Collected material:
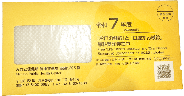 20歳・25歳・30歳以上の偶数年齢、前年度にお口の健診受診歴のある方は、こちらの黄色い封筒が自動的にご自宅に郵送されます。
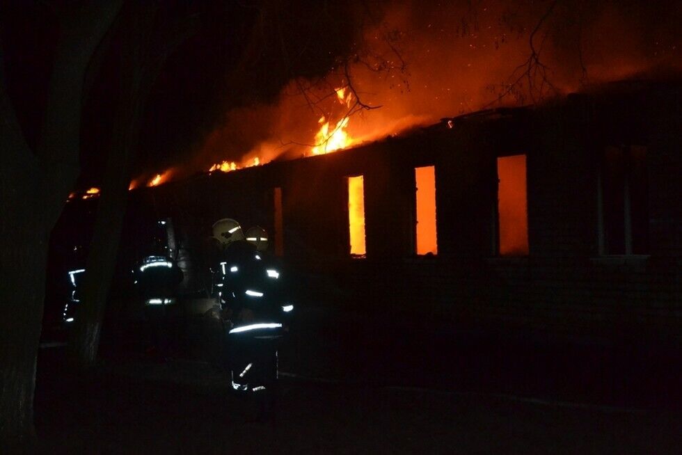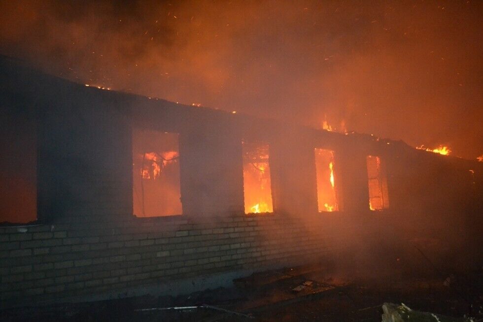 "Было установлено, что открытым пламенем горит крыша одноэтажной казармы", – сказано в сообщении.
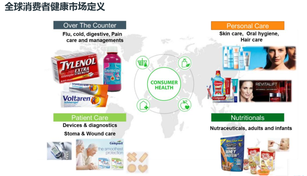 消费者健康领域包含:OTC、营养保健品、个人护理、病人护理
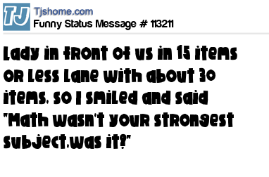X says Lady in front of us in 15 items or less lane with about 30 items, so I smiled and said "Math wasn't your strongest subject,was it?"

Problem description:
In transcribing the listing, keep each word as it is and drop the pictures.

Answer to this exercise:
 20歳・25歳・30歳以上の偶数年齢、前年度にお口の健診受診歴のある方は、こちらの黄色い封筒が自動的にご自宅に郵送されます。
 "Было установлено, что открытым пламенем горит крыша одноэтажной казармы", – сказано в сообщении.
 消费者健康领域包含:OTC、营养保健品、个人护理、病人护理
X says Lady in front of us in 15 items or less lane with about 30 items, so I smiled and said "Math wasn't your strongest subject,was it?"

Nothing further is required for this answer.